Ward 8 Council member Tommy Dawson stated he would vote against the name change as he is in support of changing the name to Robert Pitts Blvd. Fitch-Taylor also heard requests from her constituents to rename the street Robert Pitts Blvd.
The vote to change the street name passed with only Dawson objecting. Witten and Smith recused themselves from the discussion and the vote.
Anders announced that a high school student from Montgomery recently drowned in Chewacla State Park last week.
Auburn also saw the death of Auburn University football coach Pat Dye.
“Besides helping us beat Alabama, he did a lot for our community as far as giving us confidence, a vision and making us believe in ourselves,” Anders said. “He showed up at a time where the City and the University were not in the best shapes they could be in … he loved all parts of our community, and he will certainly be missed.”
Ward 5 Council member Steven Dixon announced his plan for honoring graduating high school students through videos, radio advertisements, on electronic billboards and advertisements in The Auburn Villager. The radio ads and electronic billboards are currently running the City’s ads.
Ward 3 Council member Beth Witten announced that June is Pride Month. She asked for the community to show support to their LGBTQ neighbors.
Anders reminded the community that the COVID-19 pandemic is ongoing, with the City seeing a “slight uptick” in new cases.
“Keep your distance, keep your hand washed and keep your distance from people that … are at the most risk,” Anders said. “We can’t get sloppy.”

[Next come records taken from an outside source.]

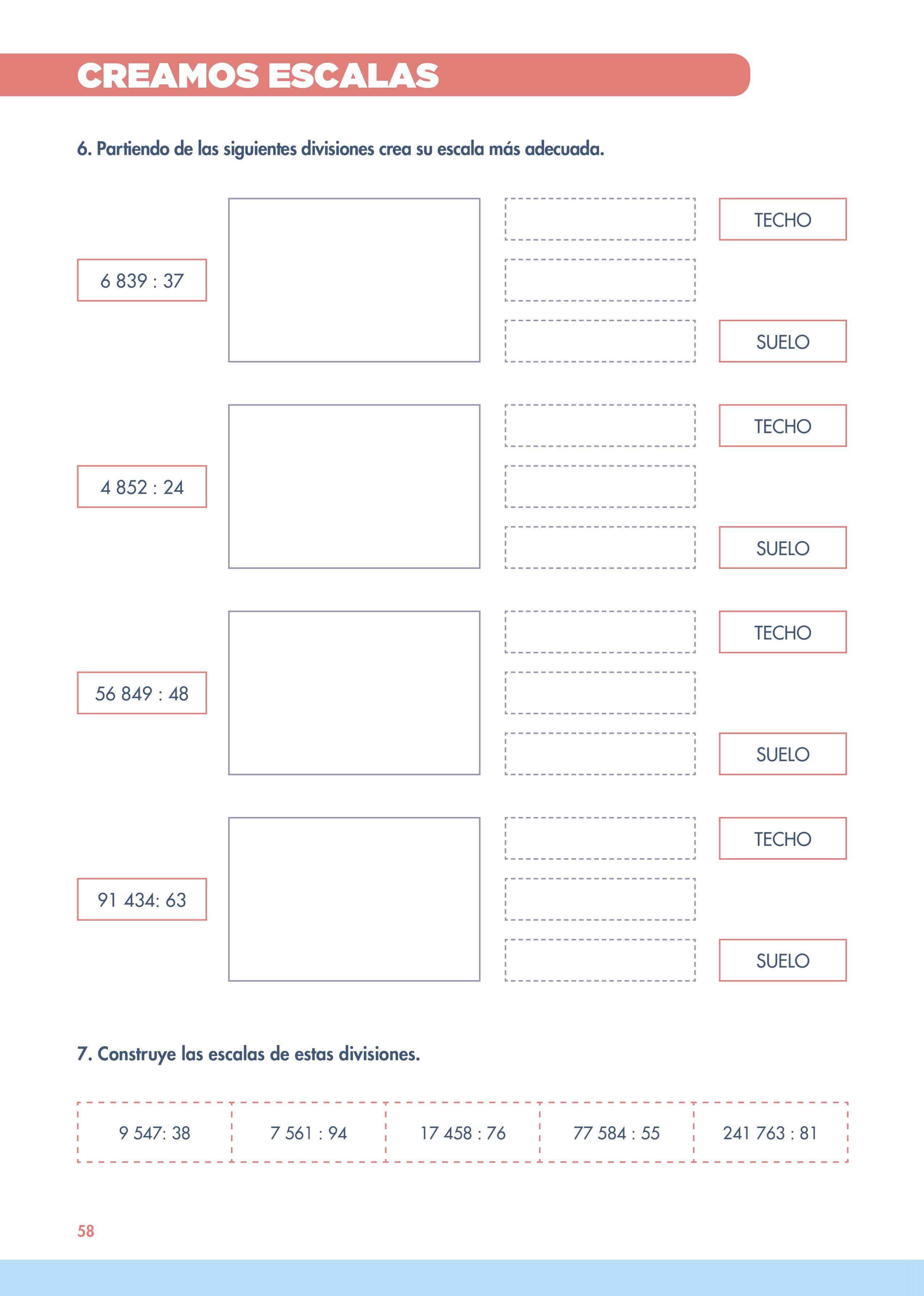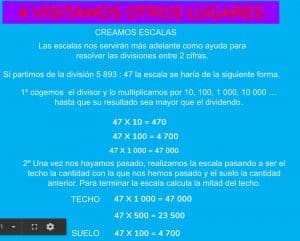 La actividad consiste en utilizando la escala, estimar el cociente más cercano a los diferentes dividendos que aparecen. Para ello es posible que tengamos que utilizar varias partes de la escala.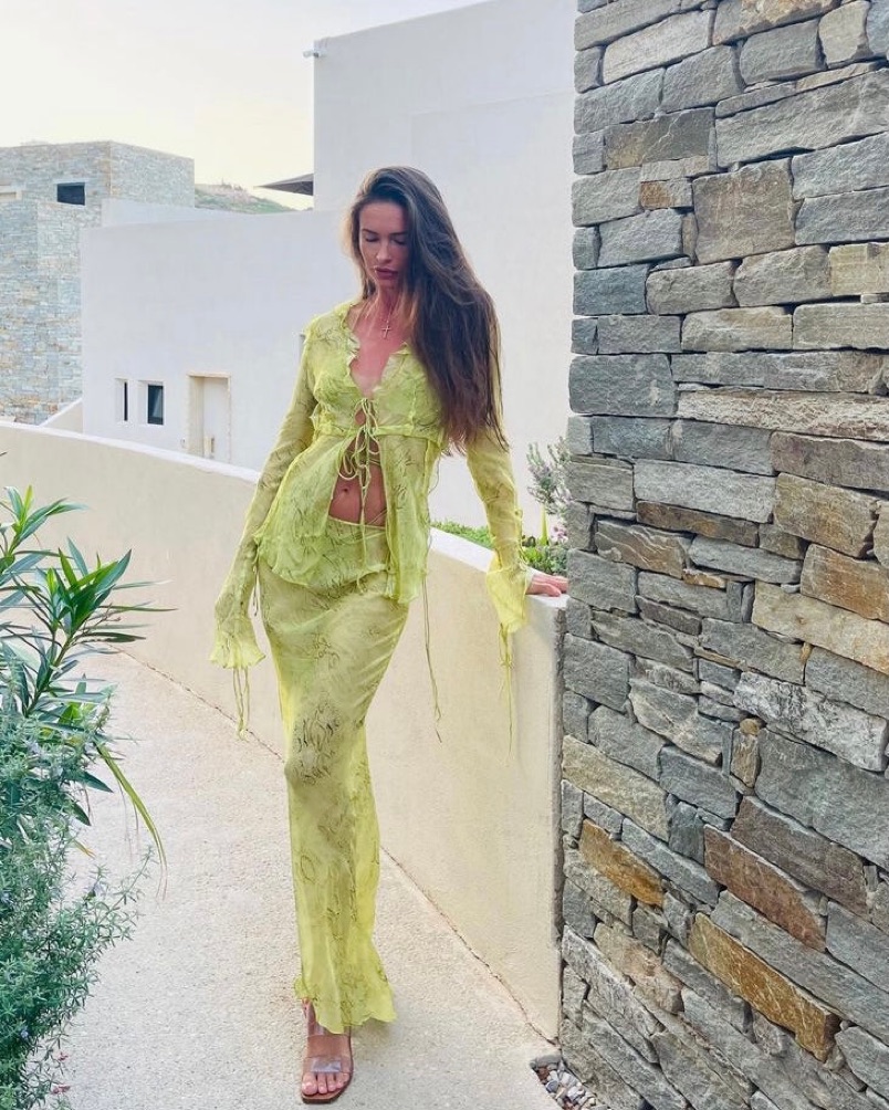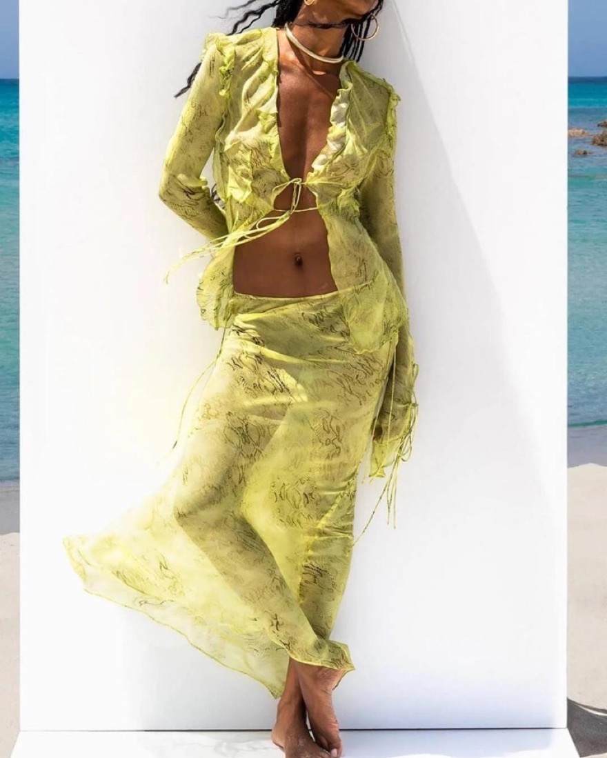 I'm between a size XS/S, 34B, 5'6'', and this set fits me perfectly! The blouse ties in the front and the skirt has ties as well on the sides. The fabric is quite sheer. signs of wear so heavily discounted!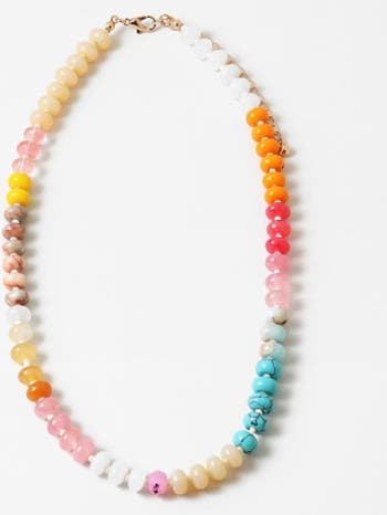 Brighten up any outfit with this stunning gemstone necklace, perfect for adding a pop of color to your everyday look or for making a bold statement on special occasions! Featuring a vibrant array of semi precious gemstones in hues of orange, turquoise, pinks and neutrals, this piece is a true celebration of color reminding each and everyone one of us that we are Forever Young and to live each day to the fullest!

Two more businesses were unanimously approved for the City’s loan interest subsidy program. Seventeen businesses in total have been approved since April 21.
Council unanimously approved amendments to zoning ordinances for the Cox Road and Wire Road Corridor. Houses will be able to be built on one acre instead of three, said planning director Forrest Cotten.
The City is not rezoning the region, but it will allow for residents to request the zoning change, Cotton said. The zone will serve as a transition between urban and rural areas of the City.
At the end of the meeting, Anders said that future City Council meetings should be held in the new City Council chambers. It will be the first time in 40 years for Council meetings to be moved.